Aunque en las décadas posteriores a la guerra se desenterraron muchos restos, los relatos de los testigos sugerían que había más cementerios. El hijo de un residente informó a Kayo sobre una zona en la costa noroeste de la isla en 2014 y, a partir de ahí, ahorró fondos y comenzó a excavar cuatro años después.
SIN CLAUSURA
Bajo un calor abrasador, el pasado fin de semana, Kayo cortó a través de la maleza crecida para volver al lugar donde lo había dejado tres semanas antes. Tras hora y media de excavación, recogió cuidadosamente del suelo dos fragmentos de hueso del tamaño de la uña del pulgar, que se sumaban a los aproximadamente 100 que había desenterrado hasta entonces.
Cada descubrimiento le hace comprender la crueldad de la guerra. El dolor nunca fue tan crudo como cuando Kayo encontró trozos de la mandíbula y un diente de un niño a principios de este año, dijo.
"Eso me afectó mucho", dijo, con su camisa blanca de manga larga empapada de sudor. A ese niño lo mató la bomba, sin saber nada del mundo. (...) No pude asimilarlo durante un tiempo y ese sentimiento aún persiste."
Un día, planea llevar todos los fragmentos a un templo budista, donde puedan ser consagrados.
La motivación de Kayo para repetir la agotadora tarea año tras año es en parte personal.
Nacido en Okinawa, donde se libraron algunas de las batallas más sangrientas de la Segunda Guerra Mundial, Kayo tiene tres familiares cuyos restos nunca se encontraron.
A Okinawa siguen llegando voluntarios de todo Japón para las excavaciones y como la hiedra venenosa de los bosques le resulta insoportable, Kayo devuelve el favor en Ninoshima.
Mientras sigan apareciendo restos de los muertos, la proximidad de la guerra será palpable para Kayo.

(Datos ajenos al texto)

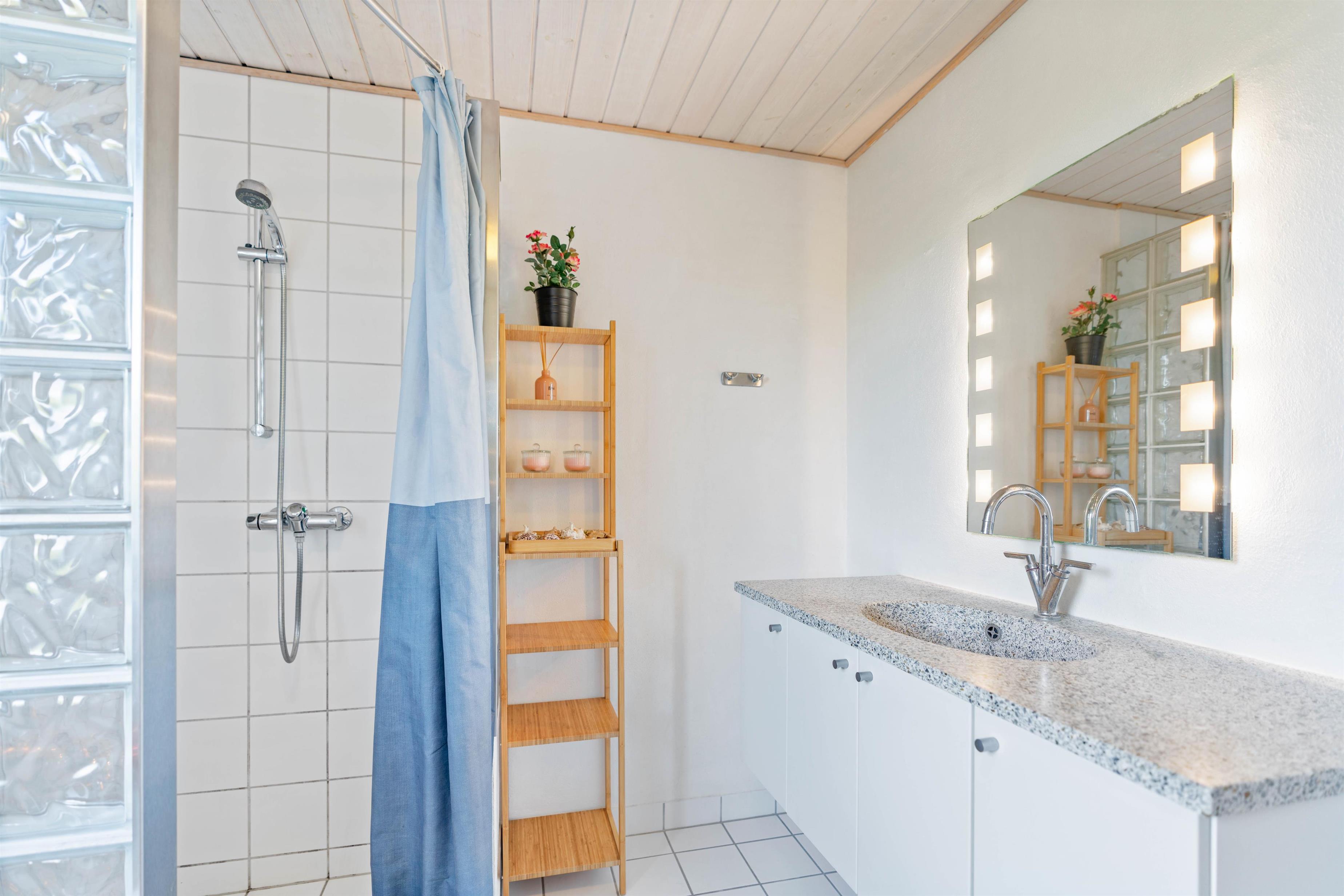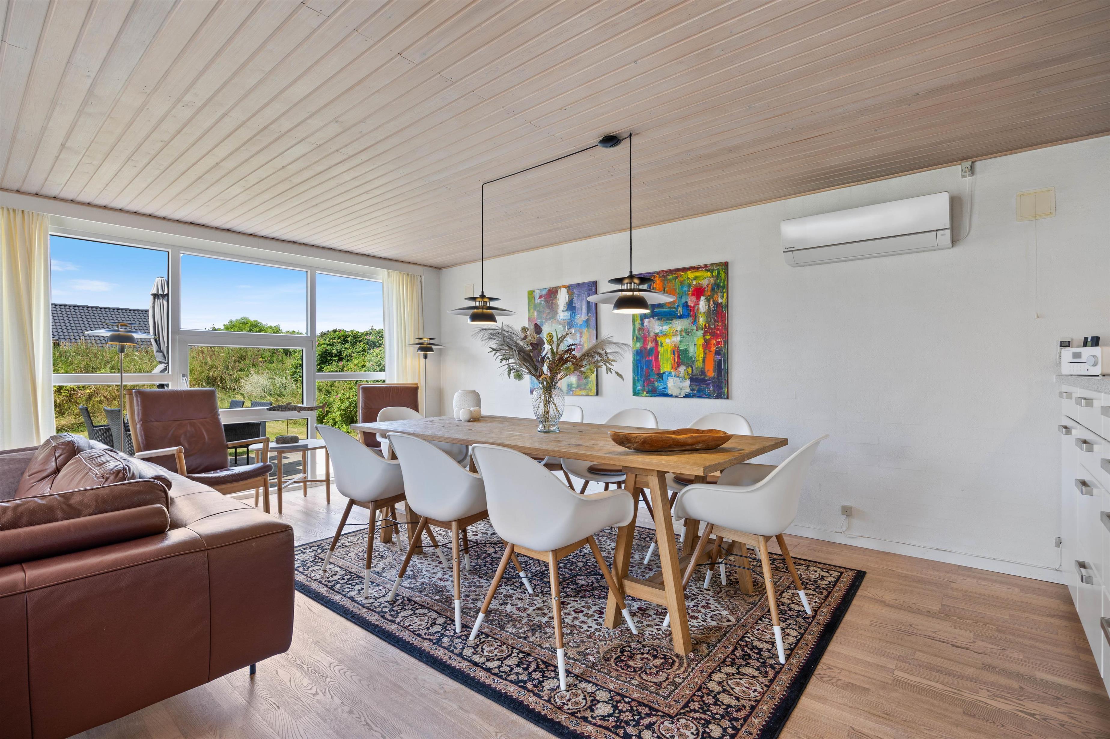 Sommerhuset er et godt valg for familien, der ikke vil gå på kompromis med komfort og gode møbler. Feriehuset er meget rummeligt og indrettet til at gøre din ferie så komfortabel som mulig. Her finder du derfor både vaskemaskine og tørretumbler samt gulvevarme på badeværelset. Indretningen i huset er lys og imødekommende og med gode, gedigne møbler, samtidig med at farverige malerier skaber et spændende modspil til de lyse vægge og lofter. Det åbne køkken er praktisk indrettet. Her er der plads til at kreere god mad, som familien kan samles om omkring spisebordet.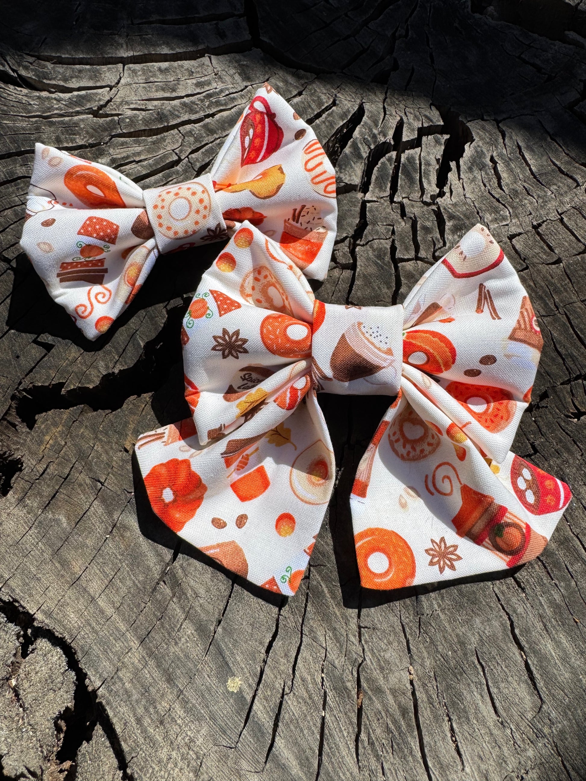 All bows are handmade, so patterns and sizes will vary slightly. There are two 1.5" elastic bands at the back of the bows.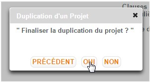 Par défaut le projet clone reprend les éléments descriptifs sources et s’intitule du même libellé auquel le système accole.

"Hoy en día, la gente que no conoce la guerra se centra solo en la recuperación y hace avanzar la conversación mientras se olvida de estas personas aquí", afirma.
"Y al final, habrá personas que digan: 'aunque lances una bomba atómica, puedes recuperarte' (...) Siempre habrá gente que intente justificarlo de la forma que le convenga."